# [UPDATE]: scikit-talk is maintained and continues to be developed here: https://github.com/elpaco-escience/scikit-talk
Scikit-talk helps to process real-world conversational speech data.
Scikit-talk is a free and open source Python library to help working with transcriptions of conversational speech data, tailored for the research community. The ultimate aim is to make the processing, analyzing, and merging of such corpora speedier, and less cumbersome. Scikit-talk is still in development, with various modules underway. The current version features a working Preprocessor module.
Preprocessor module - build dataframes from files (e.g. .eaf, .cha, .txt). This module currently contains 3 functions. They essentially execute similar tasks for different transcription formats. The functions read in differently formatted conversational speech data, returning them in a unified format, which is then comparable, concatenatable, and easier to work on.

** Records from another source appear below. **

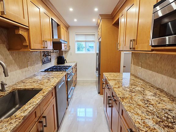 Modern kitchen with stainless steel appliances, marble counter tops, dishwasher, wall mounted hood and ample cabinetry.
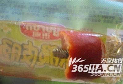 网友爆料原帖:1月26日晚,在超市买了南京雨润脆皮玉米香肠,吃了几口都还好啦。可是让我意想不到事情发生啦。在我吃到最后的时候,感觉吃到了什么很硬的东西,我随后吐出来一看,天呀!居然是一颗大约是1公分的断掉了的螺丝钉。太可怕啦!吃的食品里面怎么会这种东西呢,我都不敢相信。朋友们大家看看。给说说理,当时我还给南京雨润食品公司打过电话,要求把这批有问题的玉米肠撤柜,返回公司做质量检查。而客服人员很坚定的说不可能。还说他们处理这种投诉多啦,无所谓,也不在乎这几个人吃我们公司的食品。太猖狂啦,对我们老百姓的食品安全太不负责啦。朋友们让我们小小老百姓一起为护自己的消费权益吧,给这种不负责任的公司一些警示吧.......
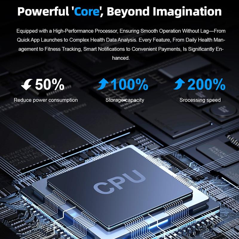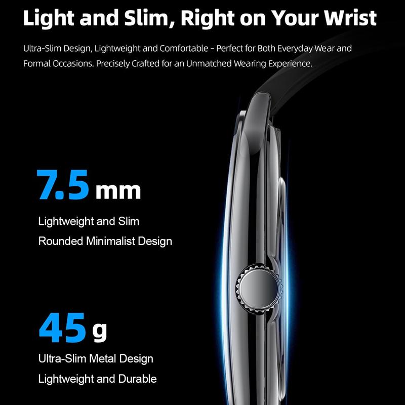 MT61 blander en fjerlet 0,045 kg zinklegeringsramme med en levende 1,96 tommer buet AMOLED-skærm og holder dig informeret, sund og forbundet uden at tynge dit håndled. Dens profil på syv millimeter glider let ind under skjortemanchetterne, mens Bluetooth 5.4 stemmeopkald, sundhedssporing hele dagen og 3D-urskiver, der kan tilpasses, forvandler hvert blik til brugbar indsigt.
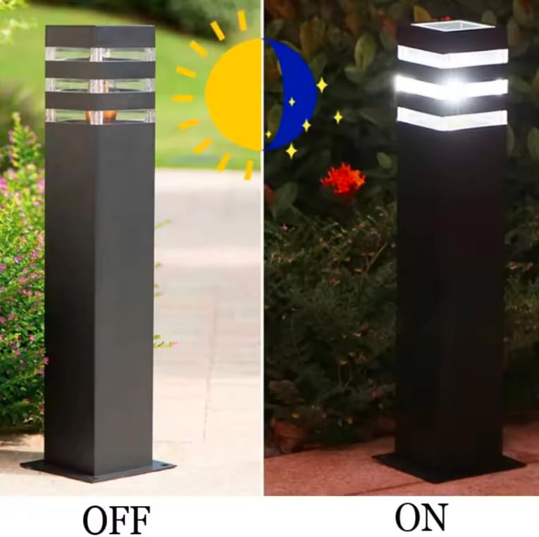 - الأبعاد: يبلغ ارتفاعه 60 سم بقاعدة مربعة متينة، وهو ارتفاع مثالي لإضاءة الممرات ومداخل السيارات والحدائق والممرات دون التسبب في وهج.

The functions of the Preprocessor module take two arguments, an input path, and an output path, where the latter is optional. If an output path is given, a .csv file is written there, which contains the a dataframe of all the transcription files that were read in. If only an input file is given, the functions return a dataframe compiled from the files.
The data is organized into the following columns: begin, end, speaker, utterance, source. If the corpus provides timestamps, begin and end will contain these in a pandas.datetime format, otherwise NaN.
We assume that the corpora and files are formatted perfectly, adhering to the requirements of various standards and conventions (e.g. Linguistic Data Consortium).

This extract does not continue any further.